Superkicks and the photon angular and linear momentum density

TL;DR

This paper investigates the proper definition of electromagnetic momentum density in structured light fields, revealing significant differences between canonical and symmetric energy-momentum tensors with implications for light-matter interactions.

Contribution

It demonstrates that using the canonical energy-momentum tensor leads to different predictions for momentum and angular momentum than the symmetric tensor, impacting the understanding of light-induced forces.

Findings

Canonical and symmetric tensors produce drastically different recoil momenta.

Numerical estimates show significant effects on small objects and atomic rotors.

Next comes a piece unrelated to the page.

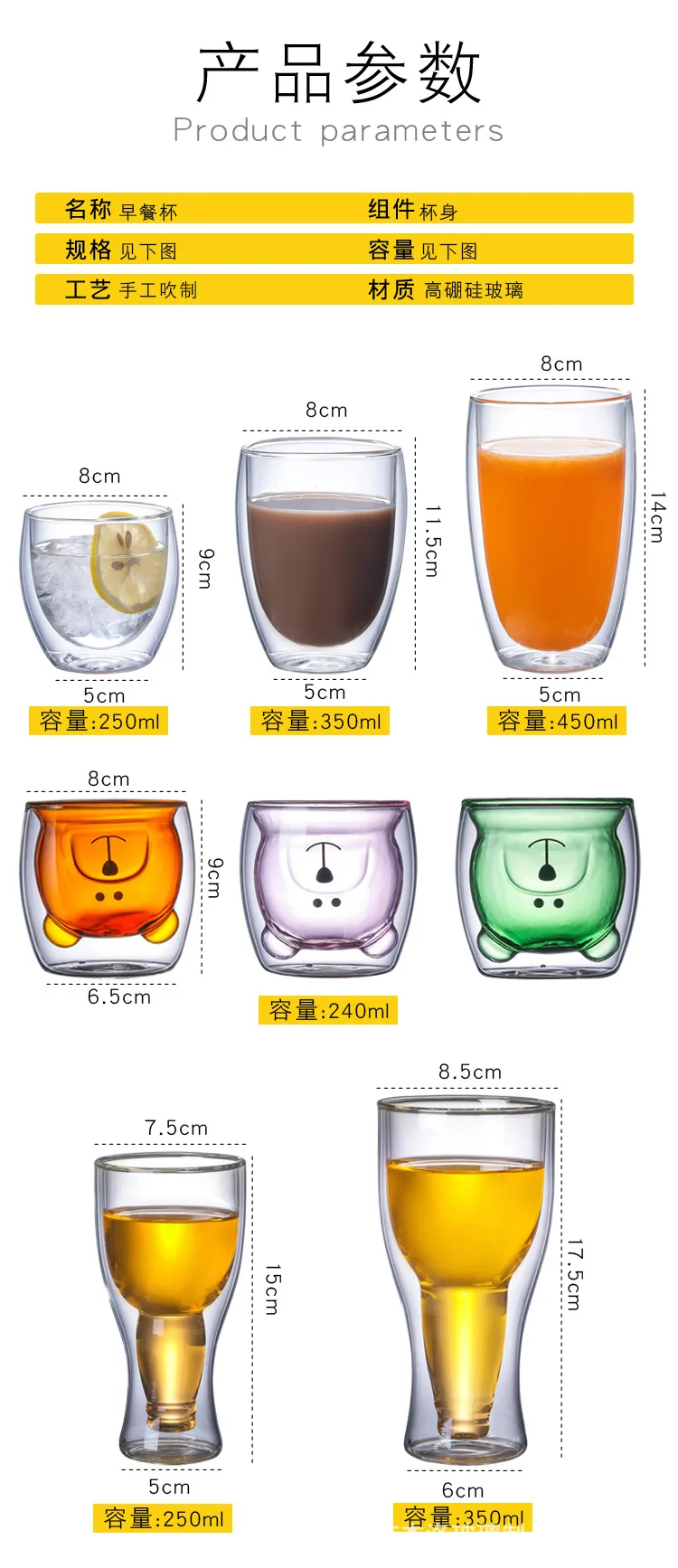 Double Wall Glass Mug Heat Resistant Insulated Tea Coffee Cup

Implications for the interpretation of light's momentum in structured electromagnetic fields.

Abstract

We address a problem of proper definition of momentum density for spatially structured electromagnetic fields. We show that the expressions for the momentum and angular momentum obtained locally are not the same when one uses the canonical energy-momentum tensor instead of the symmetric Belinfante energy-momentum tensor in electrodynamics. This has important consequences for interaction of matter with structured light, for example, twisted photons; and would give drastically different results for forces and angular momenta induced on small test objects. We show, with numerical estimates of the size of the effects, situations where the canonical and symmetrized forms induce very different torques or (superkick) recoil momenta on small objects or atomic rotors, over a broad range of circumstances.